Where can I get good quality chocolate?

Arriba supplies 3 different ranges of chocolate from our factory;

Supreme Couverture, Normal Couverture, and Coating.

These are all imported brands of Barry Callebaut.

They are sold in either 5 or 6.25Kg slabs for caters or
500g blocks or 250g buttons for the home use.
 

  CREATE YOUR OWN THREE LAYER FROZEN MOUSE

Three Layer Frozen Mousse for you to create

This recipe is a real treat at dinner parties. It is softer than ice-cream and luxurious to eat.

Dark Chocolate Layer
1
00g Dark Chocolate melted
2t Kahlua (optional)
2 Eggs separated
½ Cup Cream

Milk Chocolate Layer
100g Milk Chocolate melted
2t Kahlua (optional)
2 Eggs separated
½ Cup Cream

White Chocolate Layer
120g White Chocolate melted
60g Butter melted
2t Kahlua (optional)
3 Eggs separated
2/3 Cup Cream

Hazelnut Sauce (optional)
½ Cup Hazelnut Paste (available from Arriba) or Nutella
¾ Cup Cream

- Line a loaf tin with foil (14cm x 21cm)
- Combine melted dark chocolate, Kahlua and egg yolks and stir until             smooth.
- Whip cream until soft peak stage, then fold into cooled chocolate mixture.
- Beat egg whites until soft peak stage and fold into chocolate mixture.
- Pour into dish, cover and freeze.

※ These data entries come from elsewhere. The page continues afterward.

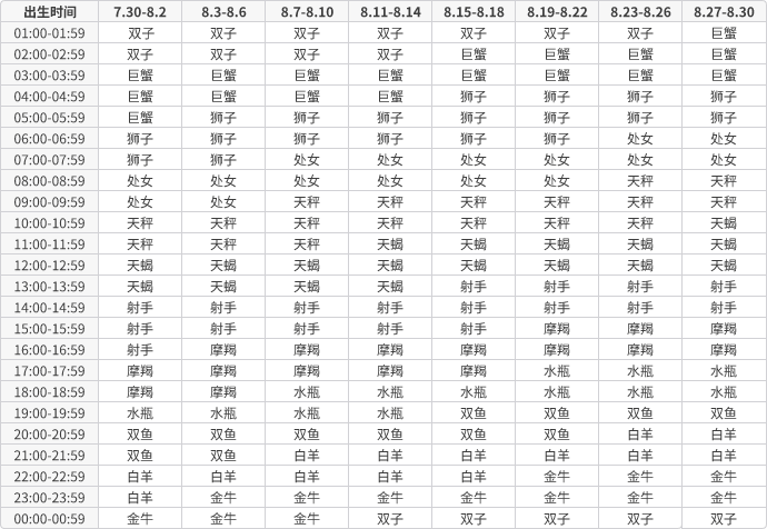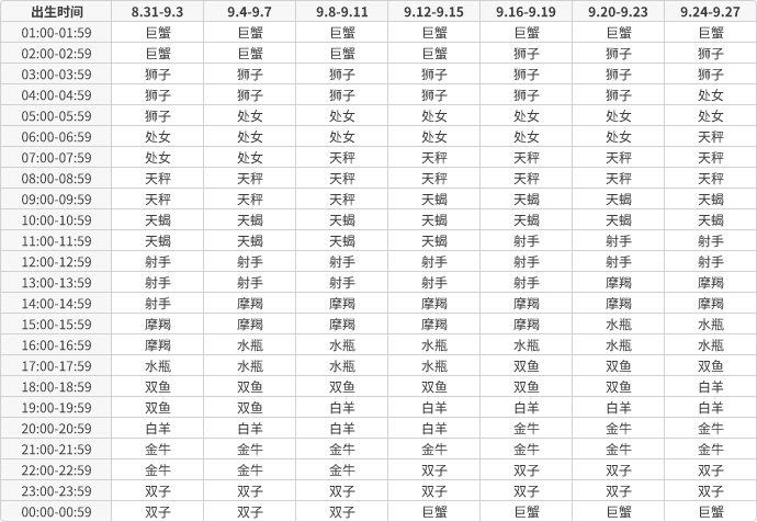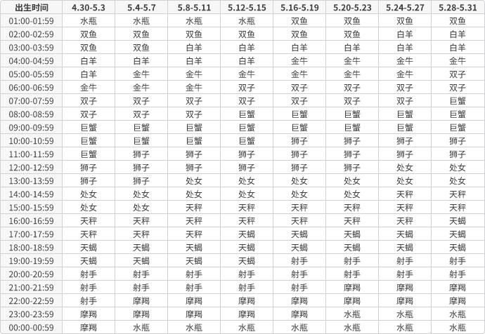 上升星座查询表
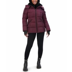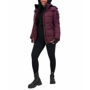 NEW STEVE MADDEN juniors faux-fur-lined hooded puffer coat in merlot
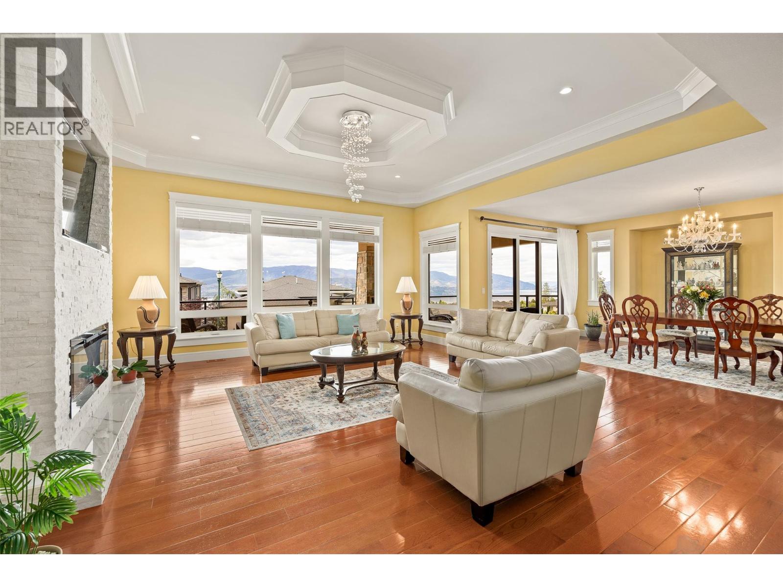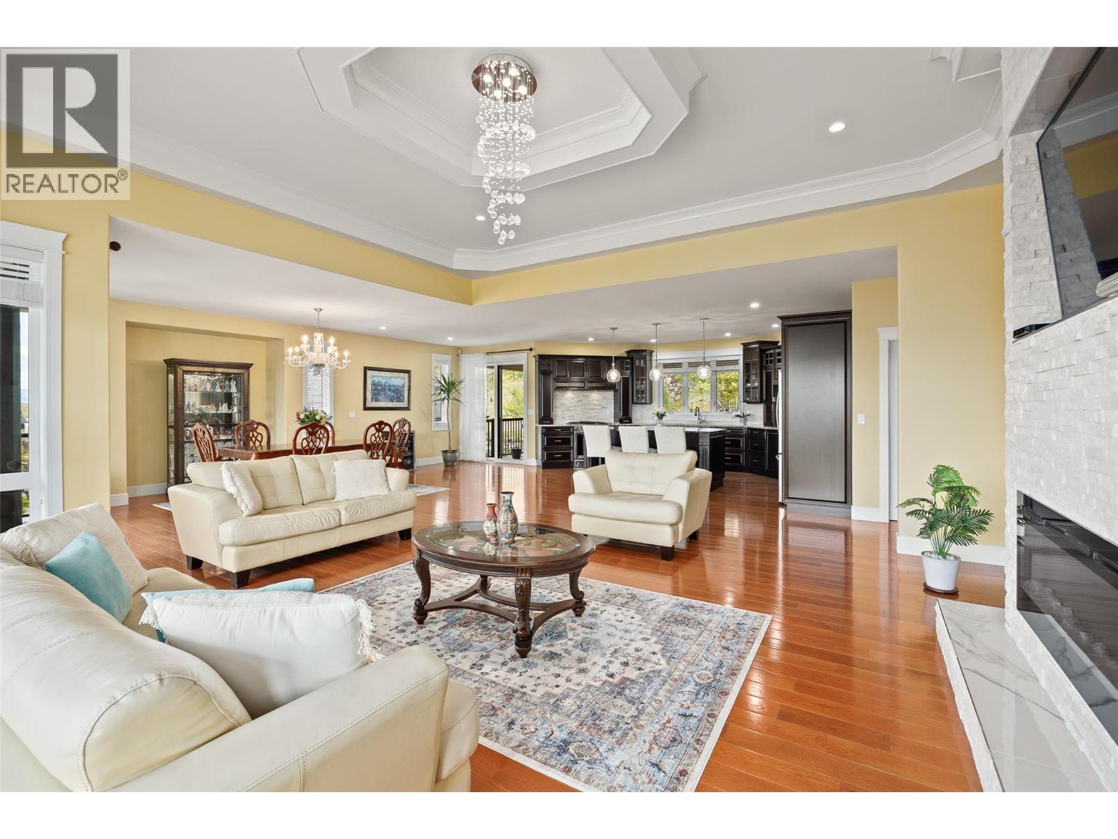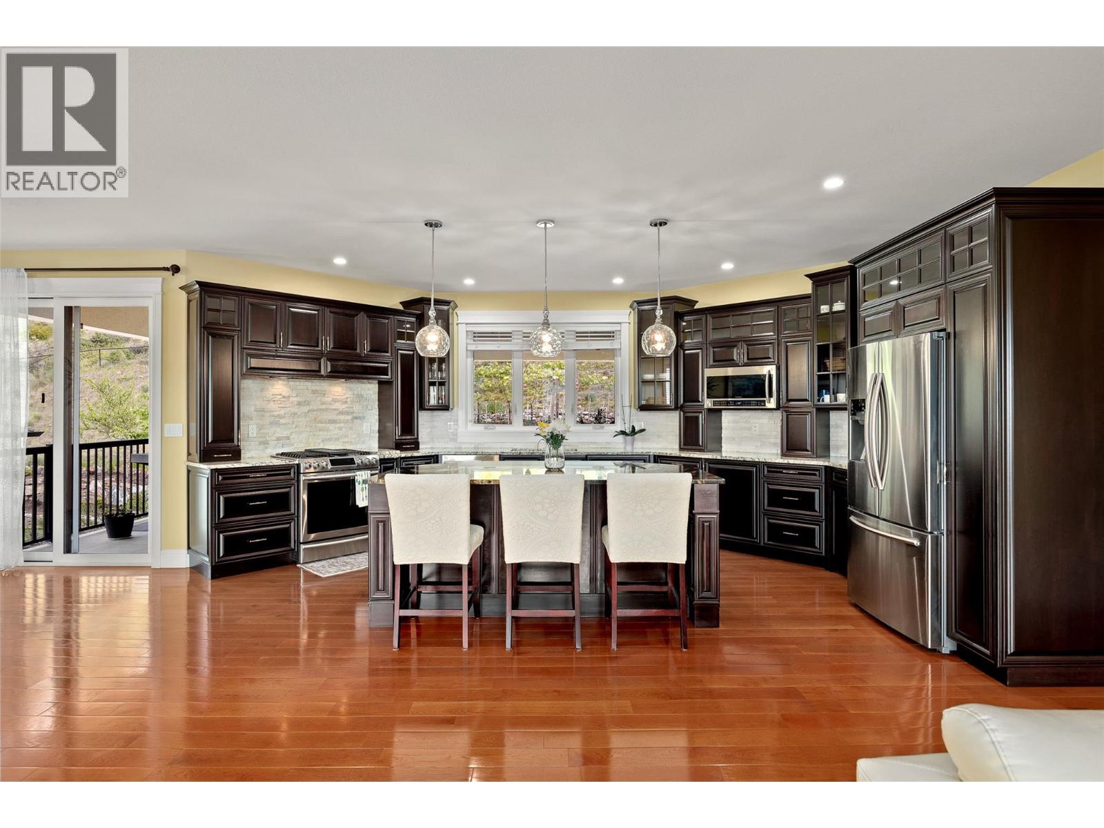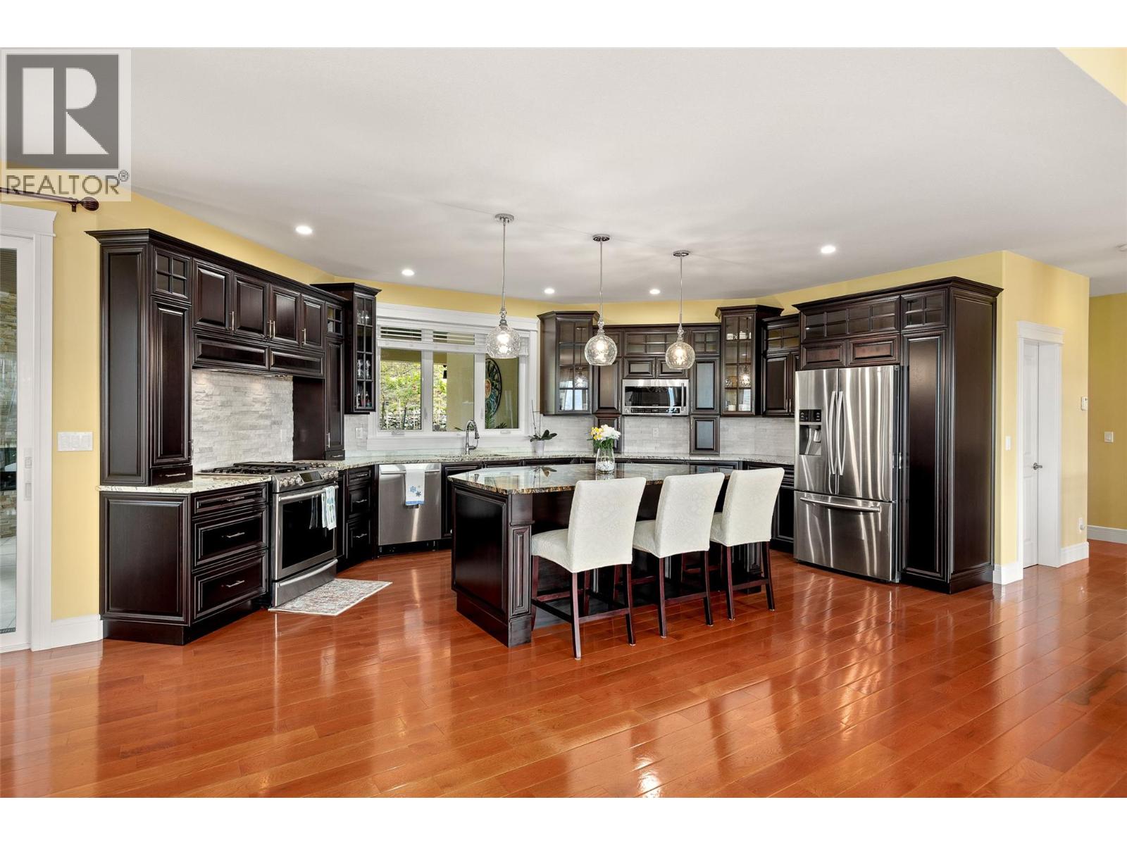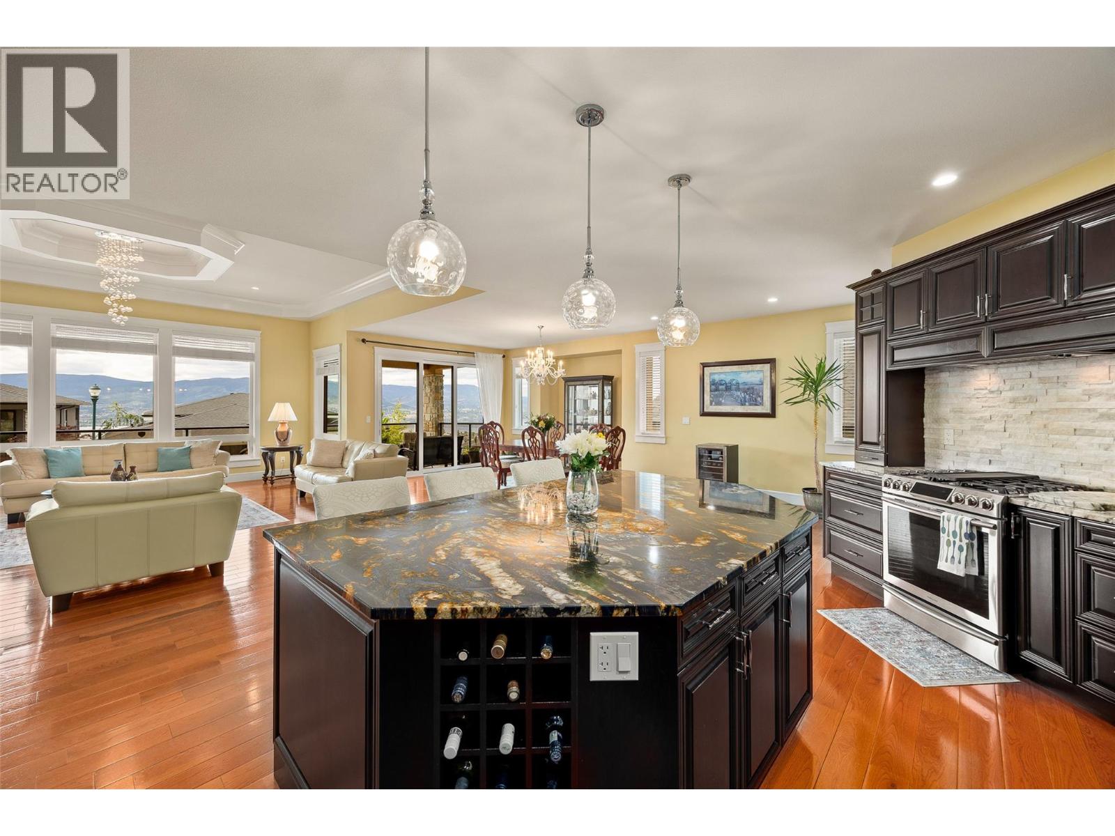 Set in the heart of Kettle Valley, this exceptional 4 bed + den / 3 bath home boasts 3,800 sqft of beautifully designed living space with stunning lake and valley views. The open floor plan is highlighted by rich cherry wood floors, granite countertops throughout, and a spacious kitchen and living area perfect for entertaining. Enjoy Okanagan sunsets from the front deck or the private balcony off the primary bedroom. The triple-car garage includes a tandem stall for added flexibility, and the versatile den is ideal as a home gym or theatre. Outside, the landscaped and fully fenced backyard features grapevines, strawberries, and tomatoes—with plumbing in place for a future pool. Situated on a quiet, no-thru road, the property offers a peaceful and private setting on a .21-acre lot in the highly desirable neighbourhood near parks, schools, restaurants and more. Want to learn more? Contact our team today to book your private viewing! (id:6770)

Allow to set.
- Repeat above for milk chocolate and gently pour over dark chocolate layer    and freeze again.
- Repeat for the white chocolate layer.
- Freeze for at least 6 hours. Turn out on platter and peel off foil.
- Serve with warmed hazelnut sauce.


 

 Charlotte Malakoff

2 x 125g Boudoir Biscuits
200g Dark chocolate
4 X-Large Eggs (separated)
5ml Vanilla Essence
45ml Brandy
65ml Castor Sugar
3ml Salt
Pinch of Cream of Tartar
250ml Cream
Chocolate flakes
Cream for decoration

Use a loose bottomed cake tin and grease.
Cut biscuits in half and line the sides of the tin. Margarine will help the biscuits to stick)
Cut up or break the remaining biscuits to form a base and pour over the brandy.
Melt chocolate.
Beat eggs yolks with sugar, vanilla and salt until thick and pale. Fold into cooled melted chocolate.
Beat egg whites with cream of tartar until soft peak stage.
Beat cream until soft peak stage.
Fold in egg white mixture and cream alternately into chocolate mixture.
Pour into cake tin until it reaches the top of the biscuits.
Chill in refrigerator for at least 6 hours. Decorate with cream and chocolate flakes.